Correlated vibrations in ion-pair dynamics in mechanoactivation identify functional domains of force-dependent titin kinase

Titin kinase is a mechanoenzyme, whose activity is activated by mechanical stretching and binding of calcium sensors. Stretching causes local and global conformational changes of secondary structures and complex movements of ion pairs and transient formations of salt bridges. This paper applies the adaptive time series analysis approach to study the mechanical responses of ion-pair movements to stretch unfolding through steered molecular dynamics (SMD) simulations, focusing on the ion-pair dynamics of mechanoactivation obtained from the SMD trajectories.
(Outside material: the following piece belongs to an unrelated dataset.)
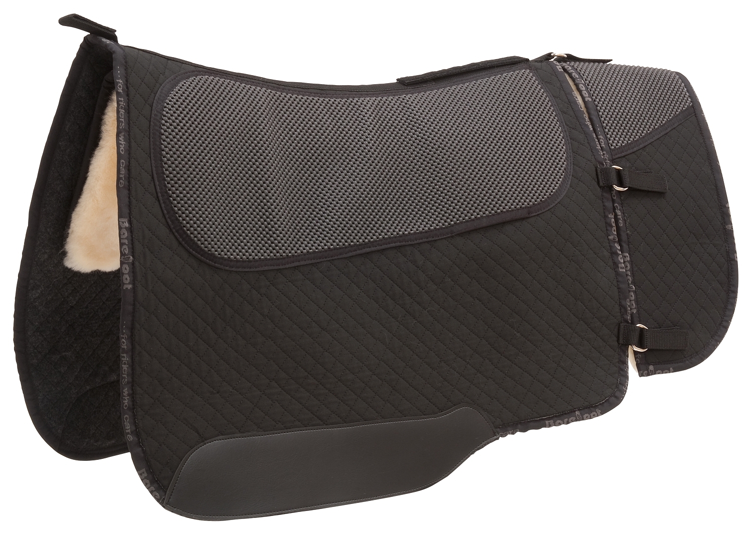 2 in 1 -alusta – jokapäiväiseen käyttöön ja kiinnitettäväksi satulalaukkujen alleToimitus sisältää 2 erilaista paria täytteitä! Kehitetty pitkien maastolenkkien vaatimuksiin, irrotettavalla suojakiinnikkeellä satulalaukkujen käyttöä varten. Kiinnike on vuorattu aidolla lampaannahalla, joka suojaa hevosta ja ehkäisee hiertymiä. Tarrakiinnitysten ansiosta osa on helppo ja nopea irrottaa, joten alustaa voidaan käyttää myös ilman sitä jokapäiväisessä ratsastuksessa. Tämä poistaa tarpeen hankkia kahta erilaista satulahuopaa. Barefoot® 'Physio Trailpad' sopii kaikkiin Barefoot®-satuloihin, mutta on erittäin toimiva myös perinteisten satuloiden alla ominaisuuksiensa ansiosta: Kaikki 'Physio Trailpad' -alustat on muotoiltu hevosen selkärangan mukaan ja ne tarjoavat ihanteellisen iskunvaimennuksen ja paineen jakautumisen. Järjestelmä tarjoaa lisätilaa rintarangan okahaarakkeiden yläpuolelle ja koostuu kahdesta paineita vaimentavasta osasta, jotka on yhdistetty tukevasti tarranauhalla.a) Alaosa: anatomisesti muotoiltu, tikattua puuvillaa, ohennettu reisituen kohdalta läheisen jalkakontaktin takaamiseksi, paineita vaimentavat vaahtomuovitäytteet voidaan poistaa helposti tarranauha-aukon kautta. 2/3 sympanova-pintaa alapinnassa vakauttaa satulan myös hyvin pyöreillä hevosilla – takaosan 1/3 on vuorattu lampaannahalla tämän herkän alueen suojaamiseksi. Lampaannahka liukuu hevosen karvaa vasten ja ehkäisee siten mahdollisia hiertymiä takakaareen kohdistuvalla alueella. Lisälampaannahkaa edessä vaimentamassa lapojen liikettä.b) Yläosa: tikattua puuvillaa tai mikrokuitukangasta, huopavuori alapuolella, polyfleece-sisus ja sympanova-kerros päällä (pitää satulan paikallaan, tarjoaa lisäiskunvaimennusta ja mahdollistaa jonkin verran ilmankiertoa). Tarralenkit alustan kiinnittämiseksi satulaan. Pakkaukseen sisältyy 2 paria 15 mm anatomisesti muotoiltuja vaahtomuovitäytteitä: Pehmeä (PU-vaahto) – mukautuu hyvin; tiivis (kumivaahto): raskaammille ratsastajille • irrotettava kiinnike• anatominen muotoilu• tarjoaa selkärangantilaa myös herkille hevosille, joilla okahaarakkeet erottuvat selvästi• hyvin pehmustettu, sopii myös raskaammille ratsastajille• liukumaton• sisältää kaksi erilaista paria täytteitä Saatavana kahtena eri mallina: Koko A kaikille satuloille, joissa on pidemmät satulaläpät, kuten Barefoot®-satulat Barrydale, London, Lexington, Barrydale, Cheyenne, Cherokee, Nottingham, Nevada, Madrid. Väri musta, yläpuolella tikattu puuvillavuori. Koko B kaikille satuloille, joissa on lyhyet sivuläpät, kuten Barefoot® Atlanta, Arizona, Happy Valley, Lazy Mountain, Missoula Nut, VirginiaRose. Väri ruskea, yläpuolella ruskea mikrokuituvuori.

Temporal correlation analysis of the ion-pair time series shows that the activation process involves changes of secondary structure. Spectral analysis defined several groups and subgroups of the ion pairs with vibrational damping/resonance in the scale of ∼0.5 Å, corresponding to vibrational modes of chemical bonds. Examination of these groups revealed the locations or neighboring structures of the autoinhibitory loop, ATP binding cleft, catalytic loop, and P+1 loop, all key functional domains of this kinase. We propose that the correlated vibrations of subgroups of ion pairs have significant correlations with functional domains, which can be used to identify, a priori, special functional and structural features of folded proteins.